Please print exactly the lines from the line containing "12月13日下午,淮鹽大酒店特組織全體員工在進行安全生產培訓。" through the end of the data, no more, and keep pictures out of the copy.

DATASET EXTRACT:
____________

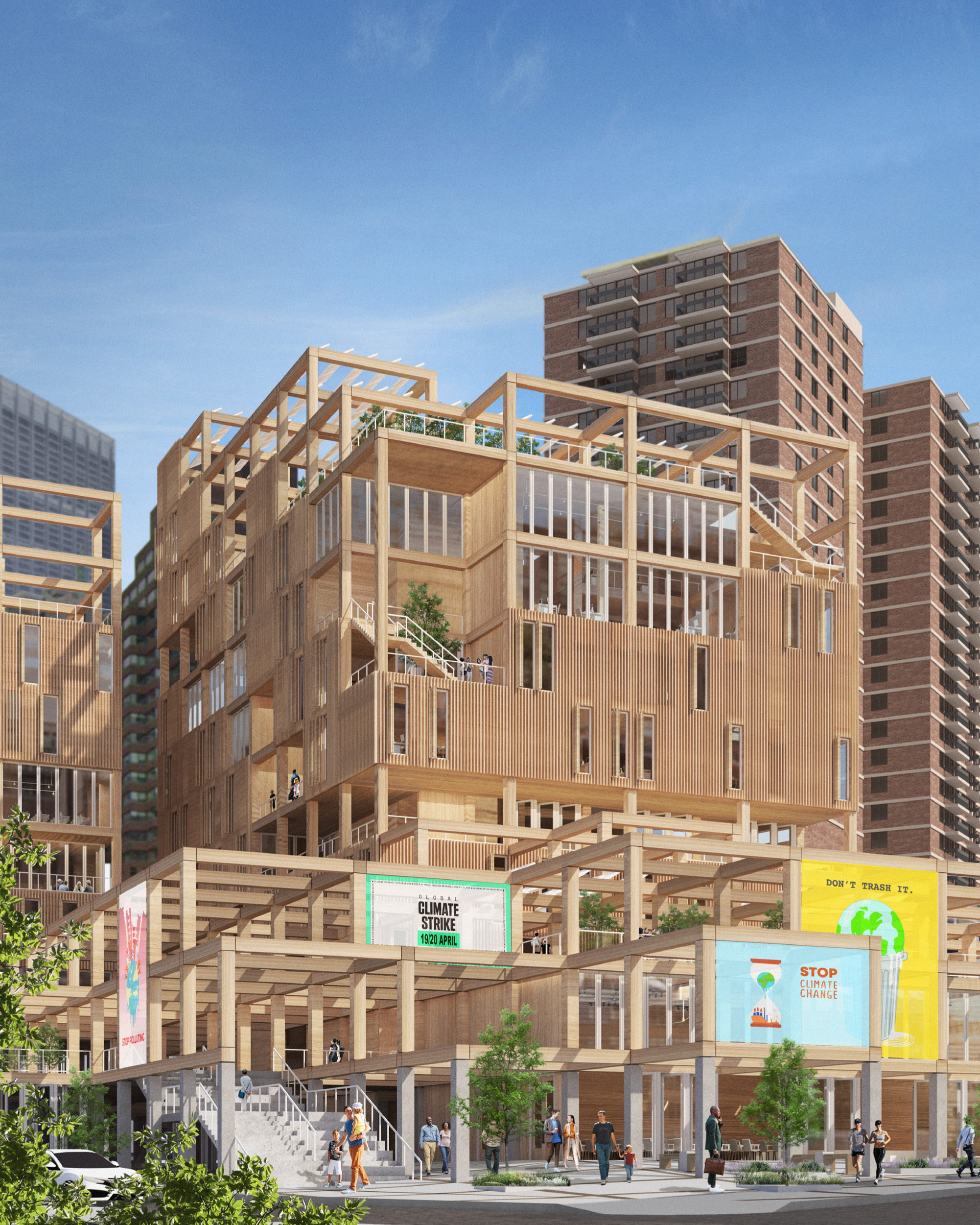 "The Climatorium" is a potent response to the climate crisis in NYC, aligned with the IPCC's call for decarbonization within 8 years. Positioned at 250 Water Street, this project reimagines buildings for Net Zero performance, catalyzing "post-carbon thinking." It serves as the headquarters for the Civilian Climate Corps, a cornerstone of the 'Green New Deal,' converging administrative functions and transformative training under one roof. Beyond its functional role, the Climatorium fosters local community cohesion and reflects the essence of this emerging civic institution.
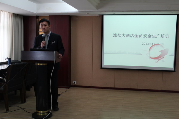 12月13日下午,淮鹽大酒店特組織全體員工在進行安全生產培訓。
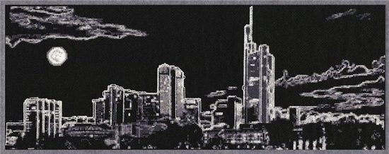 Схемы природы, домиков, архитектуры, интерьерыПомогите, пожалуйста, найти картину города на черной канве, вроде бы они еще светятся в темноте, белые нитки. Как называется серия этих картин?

____________

RESULT OF THE EXERCISE:
 12月13日下午,淮鹽大酒店特組織全體員工在進行安全生產培訓。
 Схемы природы, домиков, архитектуры, интерьерыПомогите, пожалуйста, найти картину города на черной канве, вроде бы они еще светятся в темноте, белые нитки. Как называется серия этих картин?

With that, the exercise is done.